= Directorate of Research and Civil Affairs =

The Directorate of Research and Civil Affairs (DORCA) was a mysterious and difficult-to-categorise think tank and possibly an intelligence organisation within the Australian Army during World War II.

Set up and headed by the charismatic Alf Conlon, the Directorate's alumni had a huge influence over Australia and the Pacific region post-WWII, especially through the Australian School of Pacific Administration (ASOPA).
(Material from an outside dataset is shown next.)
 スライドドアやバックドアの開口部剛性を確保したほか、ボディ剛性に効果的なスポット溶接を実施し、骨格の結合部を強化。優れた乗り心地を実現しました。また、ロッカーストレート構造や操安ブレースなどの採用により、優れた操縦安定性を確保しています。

DORCA has been described as mysterious, odd ball, bohemian. It is difficult, if not impossible to categorise, having clearly involved at least in some sense in intelligence work. That it morphed into ASOPA after the war gives no real insight into its wartime activities.
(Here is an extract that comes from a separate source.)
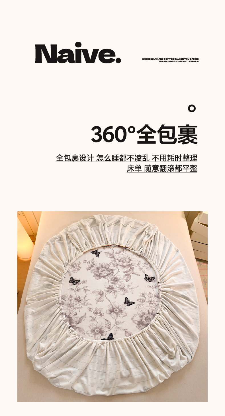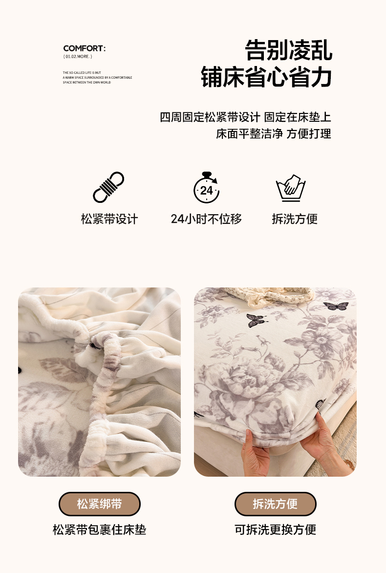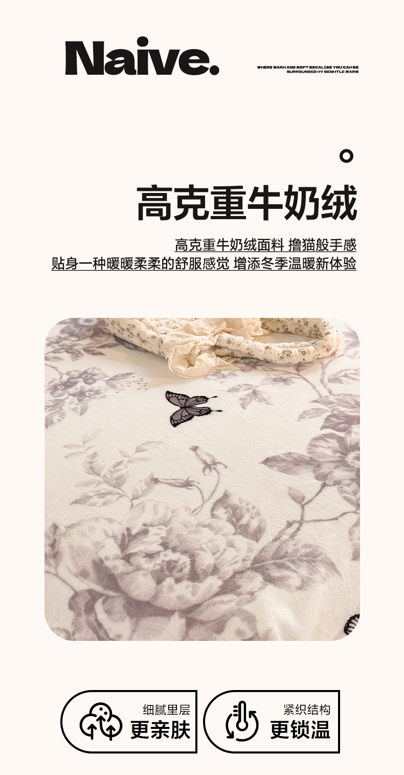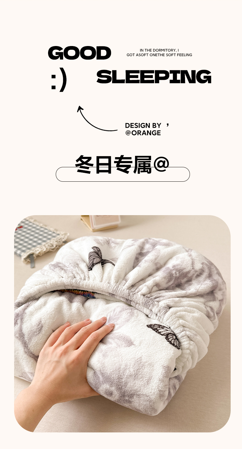 丽美人家纺 2025年牛奶绒小版印花床笠单床笠床笠单件 水墨花蝴蝶

When formed in February 1943, the Directorate was made part of Military Intelligence, with Conlon reporting directly to General Blamey, commander-in-chief of the Australian Military Forces.
Some of the work achieved during its short, wartime life included: making good the shortfall of no adequate military maps for the Northern Territory; finding substitute sources for quinine when Australia’s quinine suppliers came under Japanese control; preparing reports on Army health and nutrition, battlefield terrain, dietary standards for Papuan carriers and trends in international relations., but its most important role was in developing policy advice on the post-war governance of Pacific territories after the anticipated allied victory. Conlon gave himself a broad policy canvas, which included anticipating and providing for PNG’s independence. "Work of enduring value was performed." However, DORCA's planning for post-war Borneo was duplicated and in conflict with other Australian War cabinet plans. The wartime involvement of DORCA in training people to be administrators in Papua New Guinea led directly to the advocacy for, and creation of, the Australian School of Pacific Administration (ASOPA) with John Kerr (Conlon's 2IC at DORCA) becoming its principal.

== Alumni ==
- Commander Alf Conlon
- 2IC John Kerr (later, 18th Governor-General of Australia)
- James McAuley
- Harold Stewart
- James Plimsoll (later, a Governor of Tasmania)
- Peter Ryan
- Bill Stanner (anthropologist) commander North Australia Observer Unit
- Camilla Wedgwood (anthropologist)
- Ida Leeson (Mitchell Librarian)
- Colonel J. K. Murray (Professor of Agriculture, University of Queensland 1927–1945, Administrator of Papua and New Guinea 1945–52)
- Professor Julius Stone, chair of international law and jurisprudence at Sydney
- Ian Hogbin (anthropologist)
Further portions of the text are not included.